正直、「え?これでおしまい?」と感じてしまうラスト(笑)。つまりは、男と女の恋愛観の違いを描いたのだろうが、こういうのは中島みゆきや松任谷由実が散々歌ってきているので、あまり新しさを感じない。加えて、主人公の男の子がロマンチストでかつ受け身すぎ、思い出の中で生きていすぎて、もどかしくなる。

ほぼ全てが主要登場人物の独白で続くところとか、実際の風景を精緻にトレースしたと思われる背景などは「君の名は。」へと続く雰囲気が良くでている。あと、鳥を中心にして動的に風景を描くやり方が印象的だった。あれは押井守あたりの演出手法に影響を受けているのだろうか。

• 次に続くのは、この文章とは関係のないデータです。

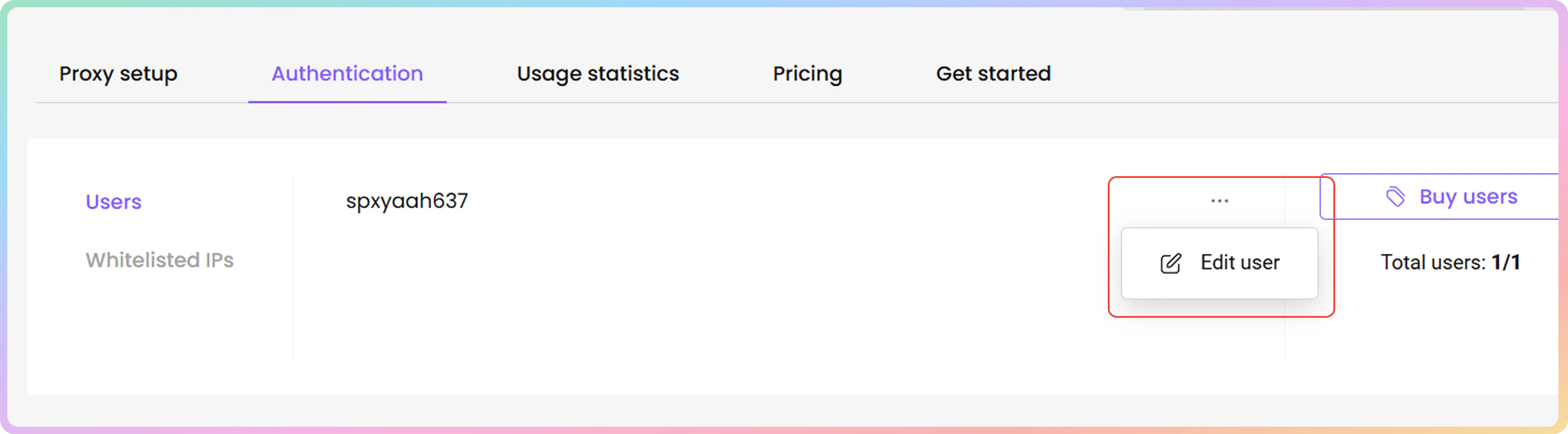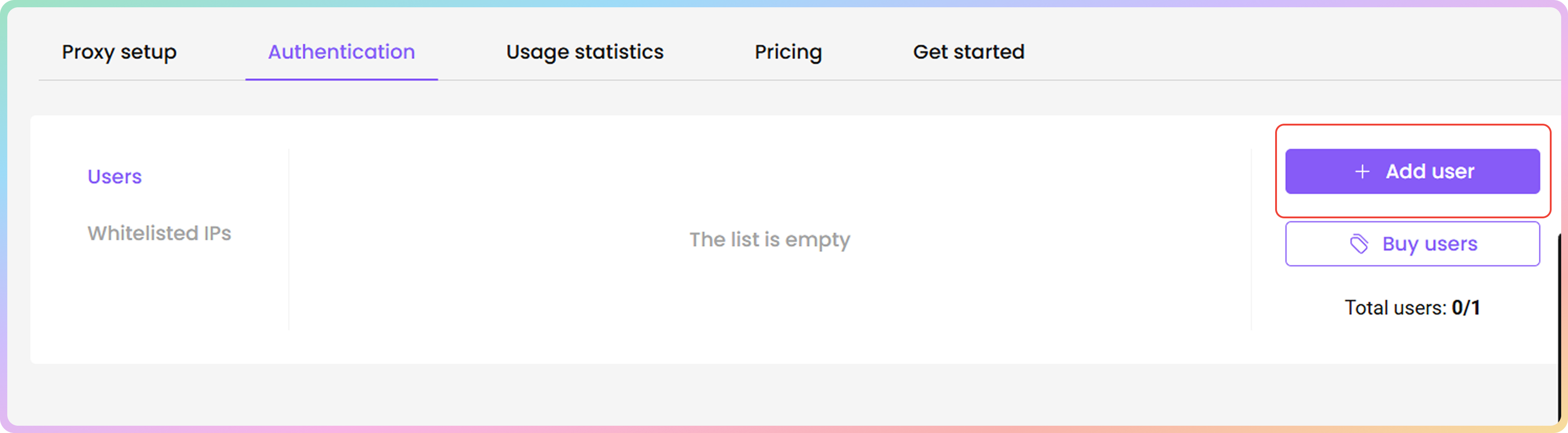 - 您可以通过点击身份验证部分的用户选项卡来管理您的代理用户。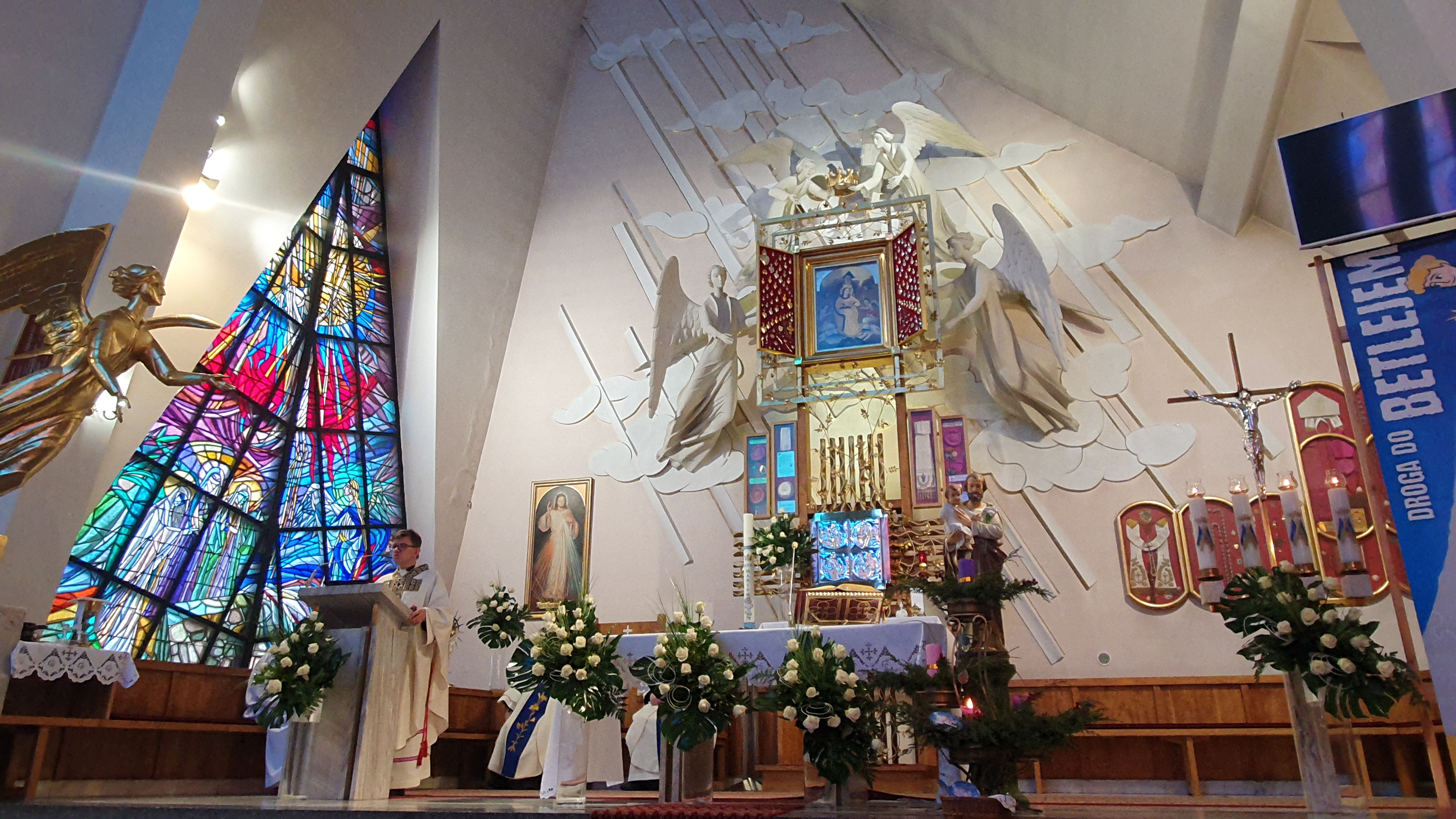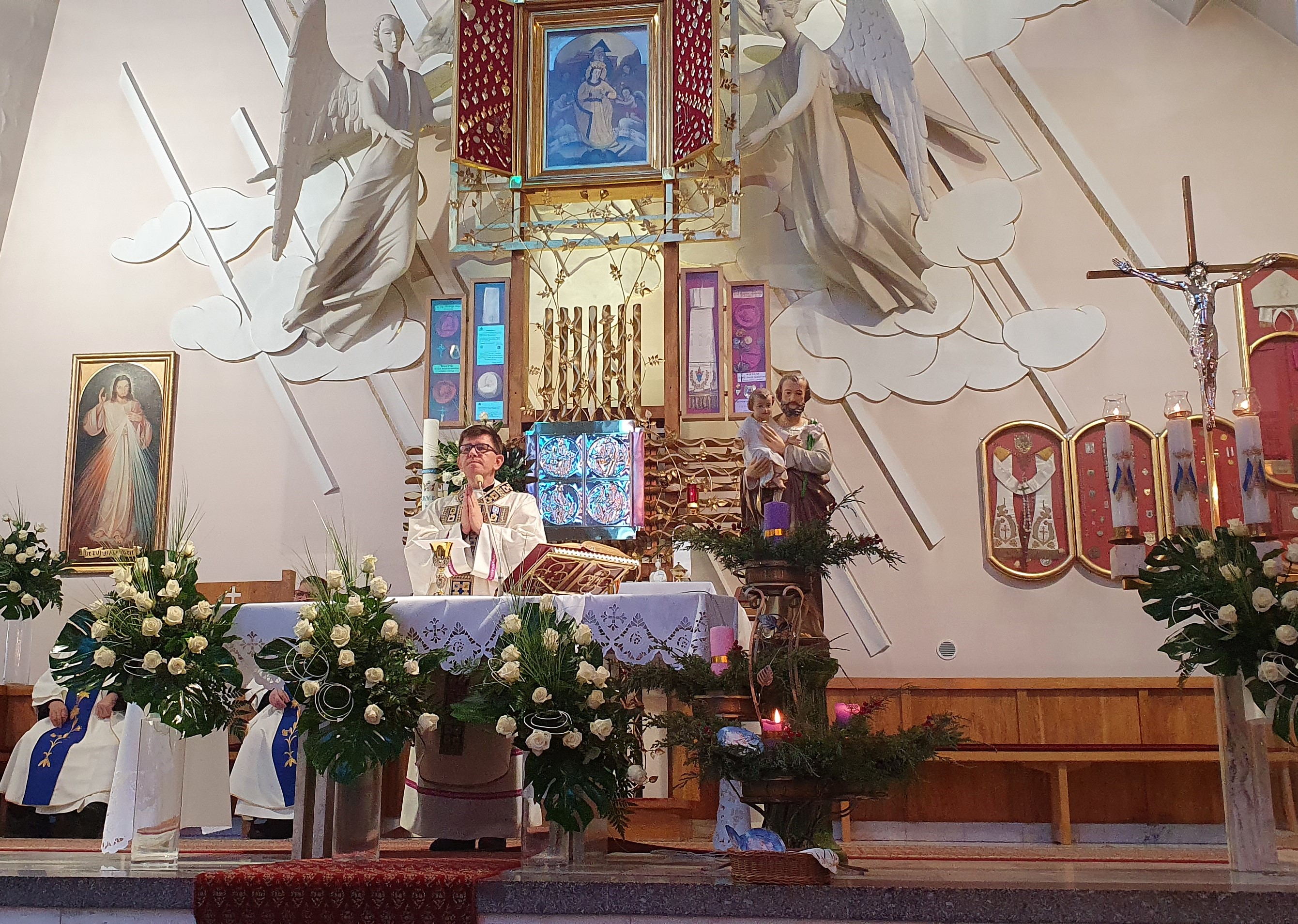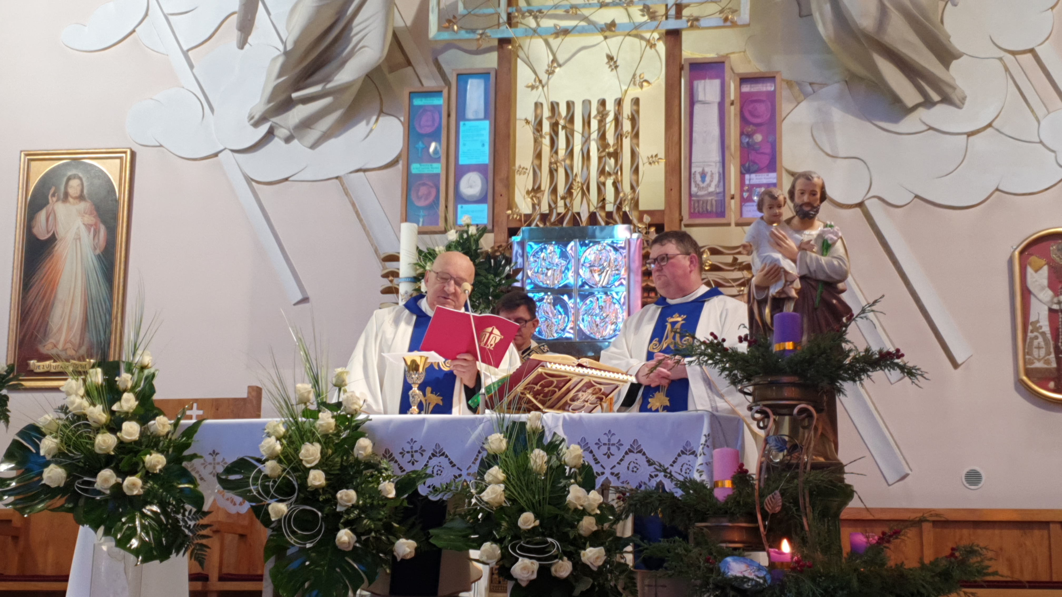 Mszy św.o godz.11 , koncelebrowanej, przewodniczył ks.Józef Młyński, który też wygłosił kazanie. Eucharystię sprawowali też ksiądz Józef Waśniowski (były proboszcz) oraz kustosz Sanktuarium ks.Bogdan Stelmach.

とはいえ、登場人物たちは、現実味がないというか、感情移入しにくいというか、うーーーん。たとえば、第一話。やっていることも、見た目も、全然中学校一年に見えないので、何度も「あれ?これって高校生の話だったっけ?」と設定を確認したくなった。この辺は、脚本にも問題があったと思う。

あー、これが新海誠のスタイルなんだな、というのは良く理解できた。その延長に「君の名は。」があるのも良くわかったのだが、じゃぁ、すごく面白いかといえば、そうでもないような。

評価は☆1つ。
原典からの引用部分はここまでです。